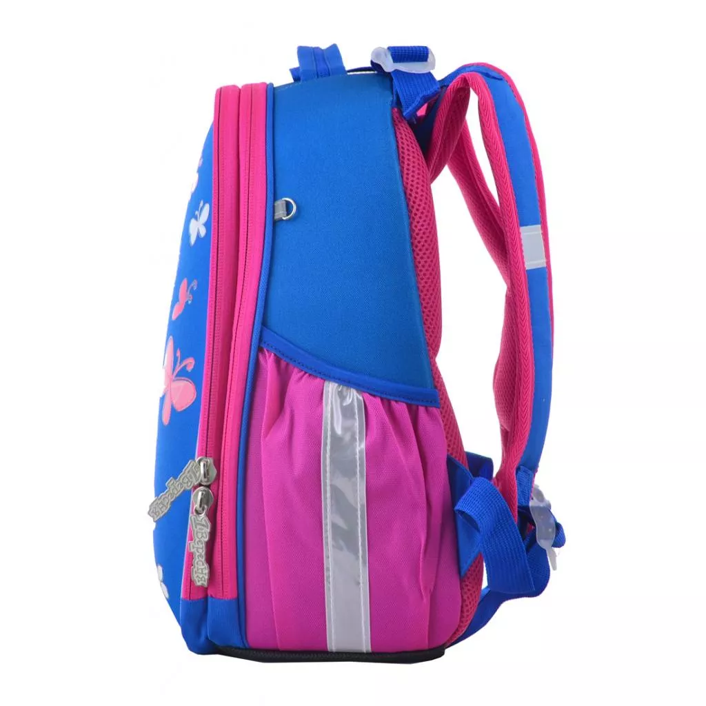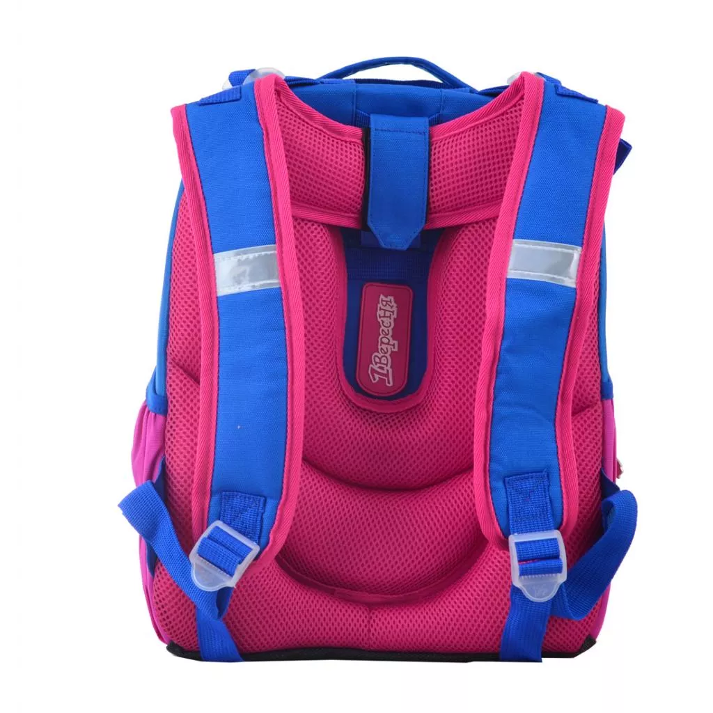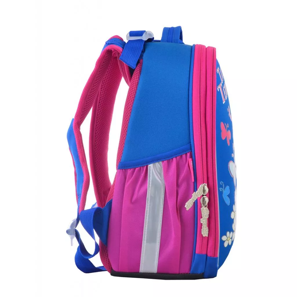 Рюкзак предназначен для младших школьников, имеет два основных отдела. Внутри - сетчатый карман, разделитель для тетрадей, а также кармашек-кошелек. Вся поверхность рюкзака имеет жесткие вставки, передняя EVA-панель защищает его от повреждений, имеется 1 светоотражающий элемент, дно усилено плотной материей. Основной материал: полиэстер.габаритные размеры: 25х34х16 см. Объем: 14 л. Вес: 900 г.
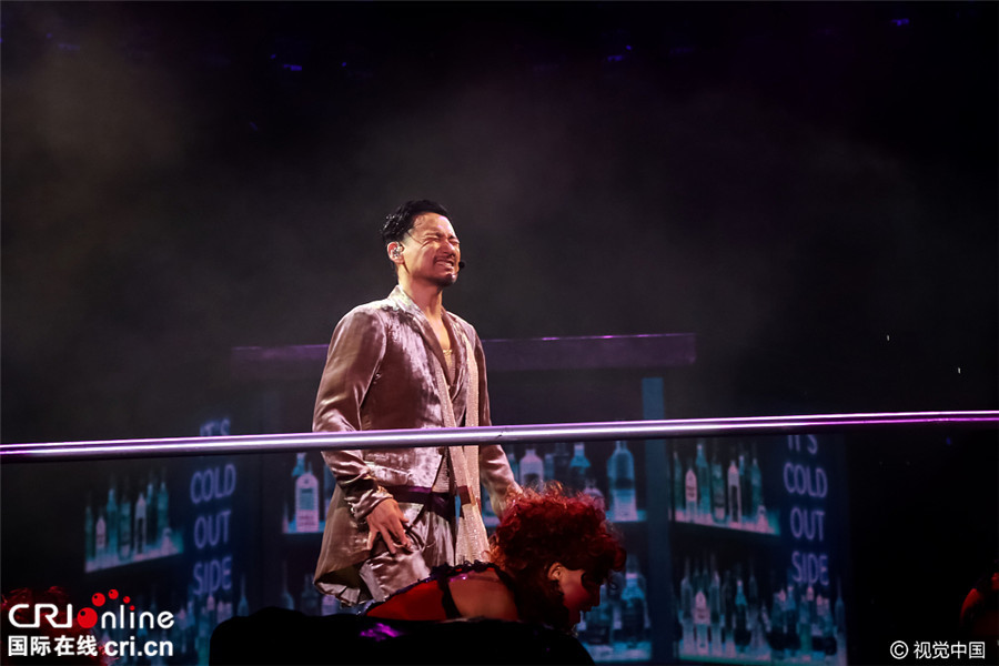 2017年3月31日,歌神张学友2017巡回演唱会在福州海峡奥体中心拉开序幕,满场6万歌迷顶着风雨一睹偶像姿容,一起感受歌神魅力。张学友身穿华丽丽的银色燕尾服热力开唱,劲歌热舞还再现招牌动作。陈浩/视觉中国
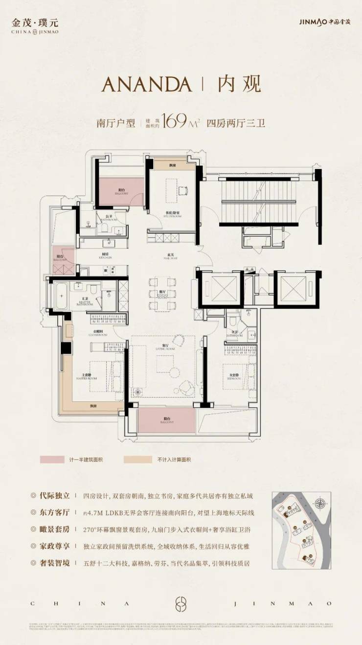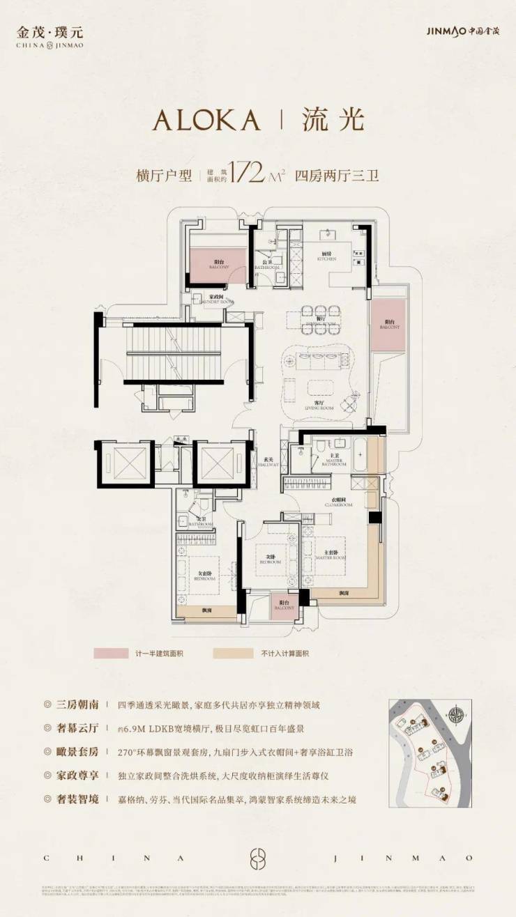 在建面约172㎡户型中,我们可以看到金茂对“三代同堂”生活方式的深刻理解!
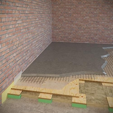 Используется при высоких динамических нагрузках на пол (например, в тренажерных залах). Конструкция состоит из слоя армированной цементно-песчаной стяжки толщиной не менее 80 мм уложенной на звукоизолирующее основание.
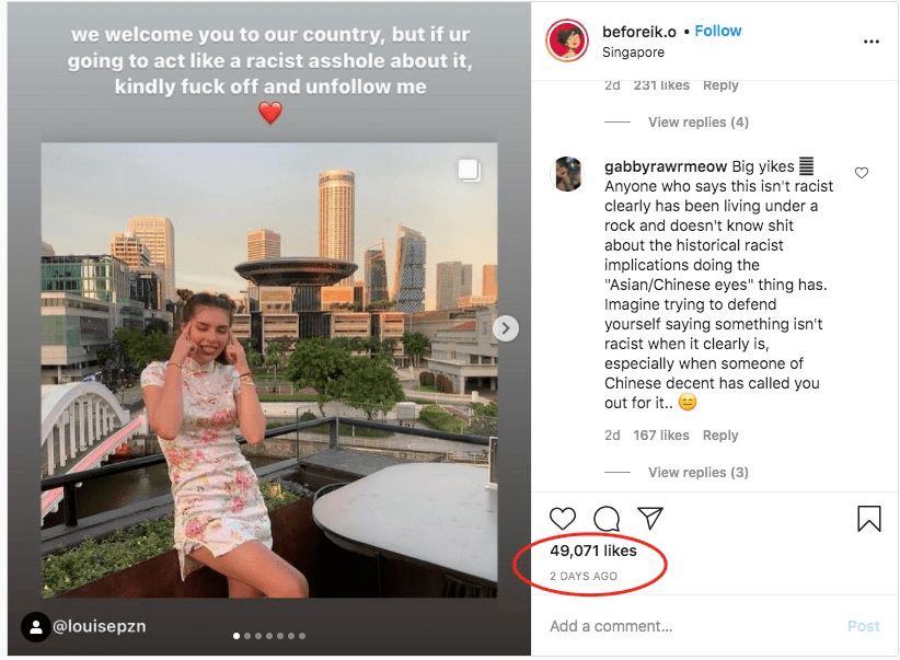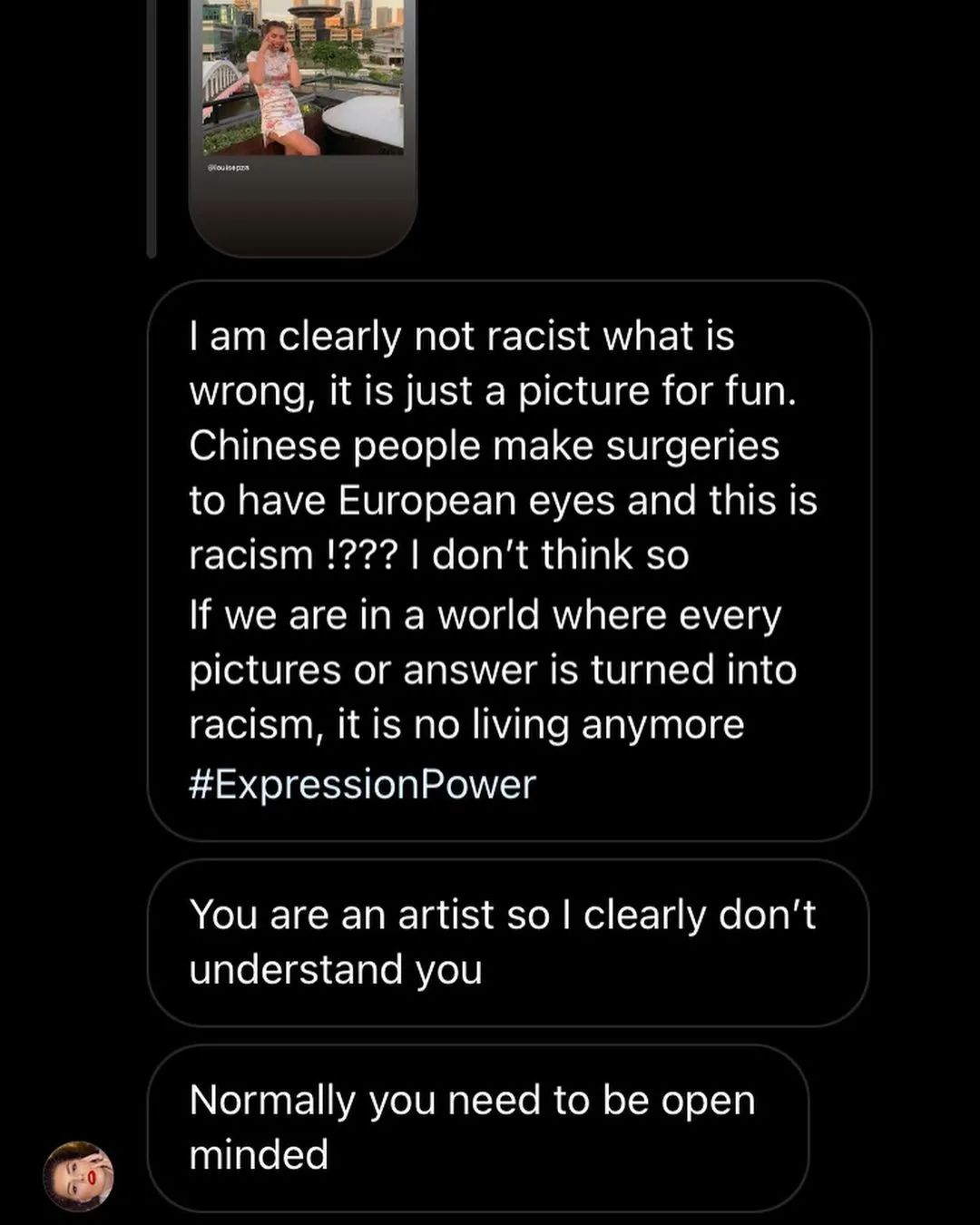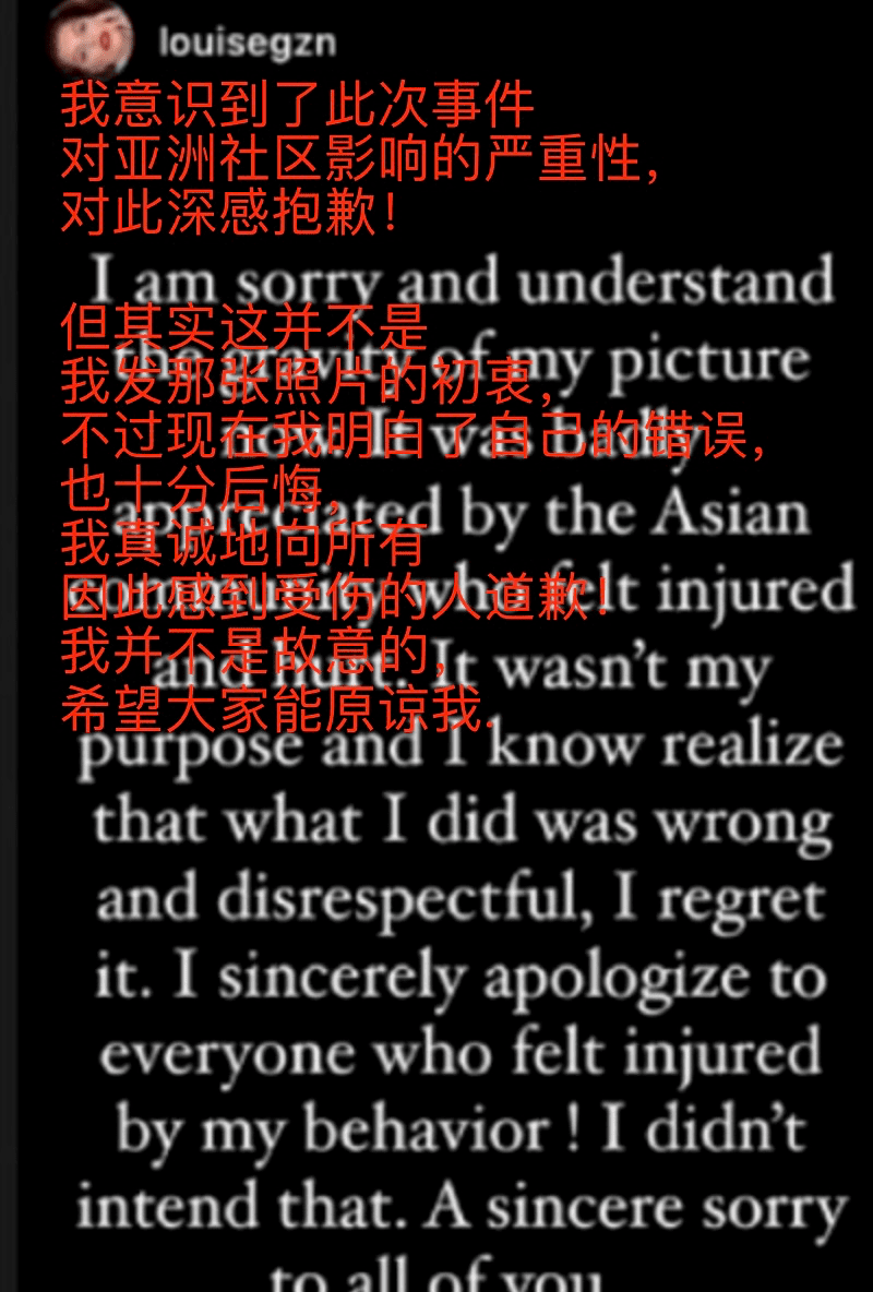 “...她这样不是道歉,如果她真的尊重别人那么从一开始就应该撤掉她的帖文而不是为自己争辩。被大家炮轰了才道歉。”

### What this task involves
Every line above must be printed again exactly, pictures excluded.

### Task output
 Рюкзак предназначен для младших школьников, имеет два основных отдела. Внутри - сетчатый карман, разделитель для тетрадей, а также кармашек-кошелек. Вся поверхность рюкзака имеет жесткие вставки, передняя EVA-панель защищает его от повреждений, имеется 1 светоотражающий элемент, дно усилено плотной материей. Основной материал: полиэстер.габаритные размеры: 25х34х16 см. Объем: 14 л. Вес: 900 г.
 2017年3月31日,歌神张学友2017巡回演唱会在福州海峡奥体中心拉开序幕,满场6万歌迷顶着风雨一睹偶像姿容,一起感受歌神魅力。张学友身穿华丽丽的银色燕尾服热力开唱,劲歌热舞还再现招牌动作。陈浩/视觉中国
 在建面约172㎡户型中,我们可以看到金茂对“三代同堂”生活方式的深刻理解!
 Используется при высоких динамических нагрузках на пол (например, в тренажерных залах). Конструкция состоит из слоя армированной цементно-песчаной стяжки толщиной не менее 80 мм уложенной на звукоизолирующее основание.
 “...她这样不是道歉,如果她真的尊重别人那么从一开始就应该撤掉她的帖文而不是为自己争辩。被大家炮轰了才道歉。”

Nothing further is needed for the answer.